Bijbelse encyclopedie

Prof. dr. F.W. Grosheide (1950)

Gepubliceerd op 17-04-2025

CHRYSOPRAAS

betekenis & definitie

Hebr. sjoham. Deze edelsteen komt in het O.T. voor Gen. 2 : 12, Ex. 25 : 7; 28 : 9, 20; 35 : 9, 27; 39 : 6, 13; 1 Kron. 29 : 2; Job 28 : 16; Ez. 28 : 13; zie in het N.T.

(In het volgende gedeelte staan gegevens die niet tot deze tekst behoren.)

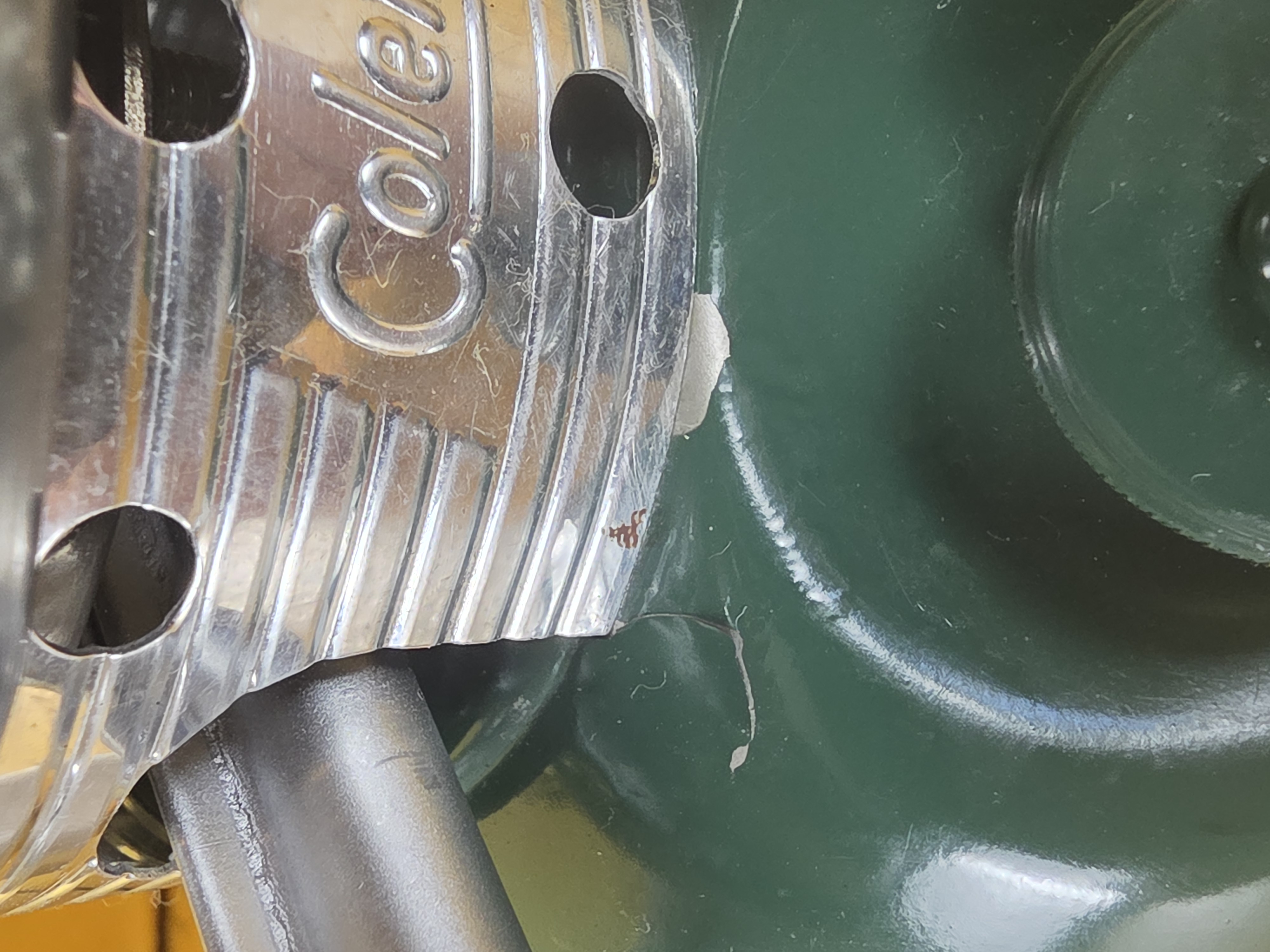 Defects to note: the decal is wonky, there is light chipping under the collar and very light spots around the fount.

Openb. 21 : 20. De oude vertalingen hebben òf onyx òf sardonyx (zo St.Vert., doch deze heeft Job 28 : 16: schoham) òf sardius òf beril. Men zal echter moeten denken aan de c.: een groene edelsteen, een kwartssoort. De c. werd vnl. als zegelsteen gebruikt en stond om zijn fraaie kleur, die van appelgroen, geelachtig groen tot blauwachtig gaat, en om zijn zeldzaamheid, in hoog aanzien. De Egyptenaren kenden hem, en de Israëlieten kunnen hem bij hun uittocht uit Egypte hebben meegenomen. Er waren twee c. stenen met de namen der zonen van Israël daarop gegraveerd, in gouden kassen ingevat, op de schouderstukken van de efod van de hogepriester. Bovendien was de c. de 2e steen van de 4e rij edelstenen op ’t borstschild van de hogepriester. Zie J. Bolman, De edelstenen uit den Bijbel (1938), bl. 62—68.